À quoi sert une base gérée
Trois usages, à peu près dans l'ordre de fréquence :
- Une base pour votre propre code. Un module qui stocke ses propres données, une intégration, un schéma de reporting — tout ce que vous préférez ne pas mettre dans le schéma d'Odoo.
- Une base pour une application qui n'est pas Odoo du tout. Un service à part, un script, un outil que votre équipe fait tourner. C'est du PostgreSQL ordinaire ; rien n'y est spécifique à Odoo.
- La base sur laquelle Odoo lui-même tourne, si vous voulez les données de l'environnement sur un cluster répliqué plutôt que sur la base partagée de la plateforme. C'est une bascule explicite, décrite plus bas.

La liste est aussi la vue honnête de l'état. Un cluster passe par demandé → en création → en service, et les actions de sa ligne restent inactives tant qu'il n'y est pas.

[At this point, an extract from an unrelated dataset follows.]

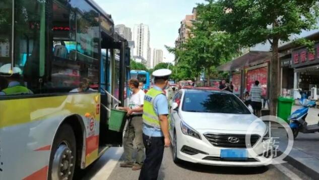 大隊民警立即前去查看,原來是一輛白色小轎車停在了公交車站臺。民警立即聯系車主告知其駛離。

Cela prend des minutes, pas des secondes : ce sont du vrai stockage et de vraies réplicas que l'on met en route.
La forme que vous choisissez, et les deux nombres
Nouvelle base demande quatre choses : un nom, un plan, une version de PostgreSQL et une quantité de stockage.

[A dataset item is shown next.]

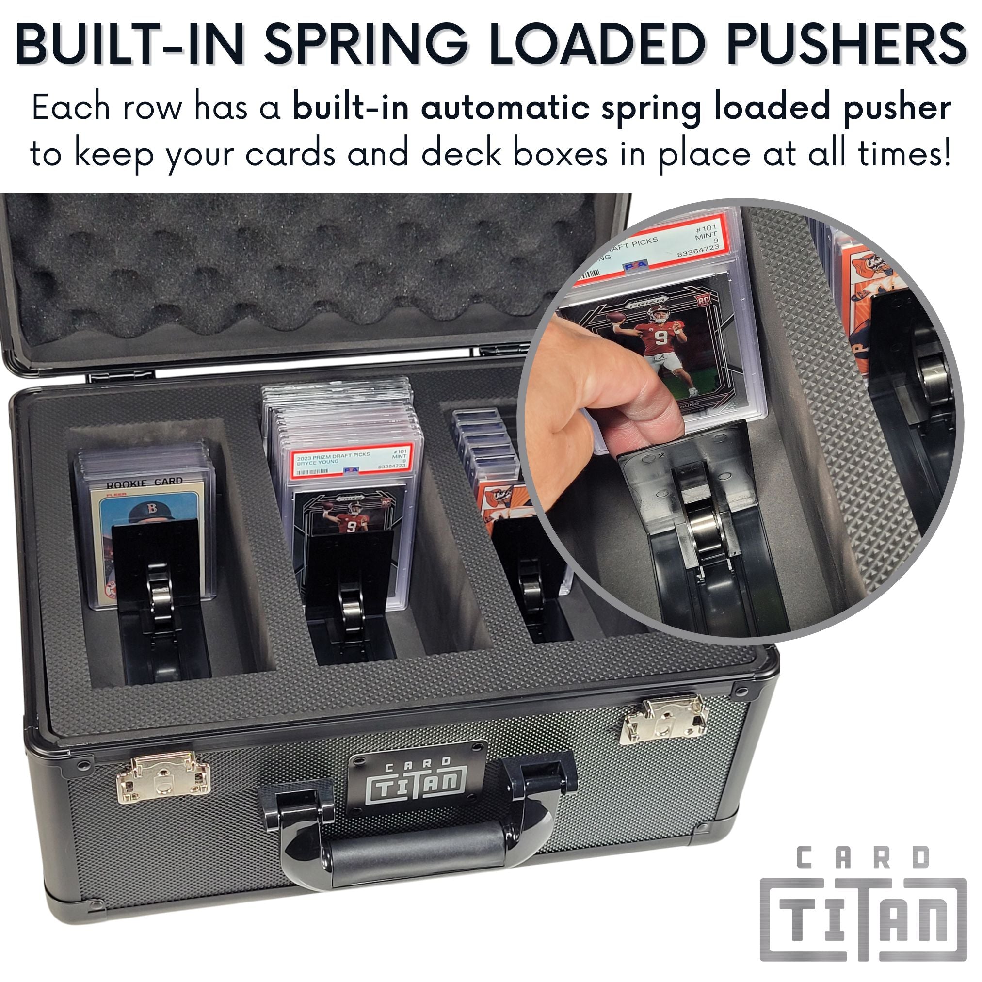 Each row has a built-in automatic spring loaded pusher to keep your cards and deck boxes in place at all times!

Deux de ces choix méritent une phrase.
La haute disponibilité, c'est un nœud ou trois. Aucun plan ne propose deux nœuds. Un nœud, c'est une instance seule ; trois, c'est un primaire avec deux réplicas et une bascule automatique — la plus petite forme qui conserve une majorité quand un nœud disparaît, ce qui fait de la bascule une décision et non un pari.

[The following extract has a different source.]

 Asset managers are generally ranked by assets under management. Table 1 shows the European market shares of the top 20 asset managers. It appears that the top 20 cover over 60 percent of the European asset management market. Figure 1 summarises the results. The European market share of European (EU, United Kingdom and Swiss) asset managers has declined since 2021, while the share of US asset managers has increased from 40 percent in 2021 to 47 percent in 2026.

Le stockage ne fait que grandir. Vous pourrez l'augmenter plus tard ; vous ne pourrez pas le réduire. Partez donc de là où vous pensez être dans quelques mois plutôt que de là où vous êtes aujourd'hui : sous-dimensionner se corrige à peu de frais, surdimensionner non.
Puis les deux nombres. L'assistant affiche une estimation, calculée dans votre navigateur comme
prix de base × nœuds + prix par Gio × stockage, dans la devise du plan. Le montant réellement facturé
est produit par la facturation au moment de la création, dans la devise de votre équipe, et c'est
celui-là qu'affiche la liste. Si les deux diffèrent, c'est la liste qui a raison.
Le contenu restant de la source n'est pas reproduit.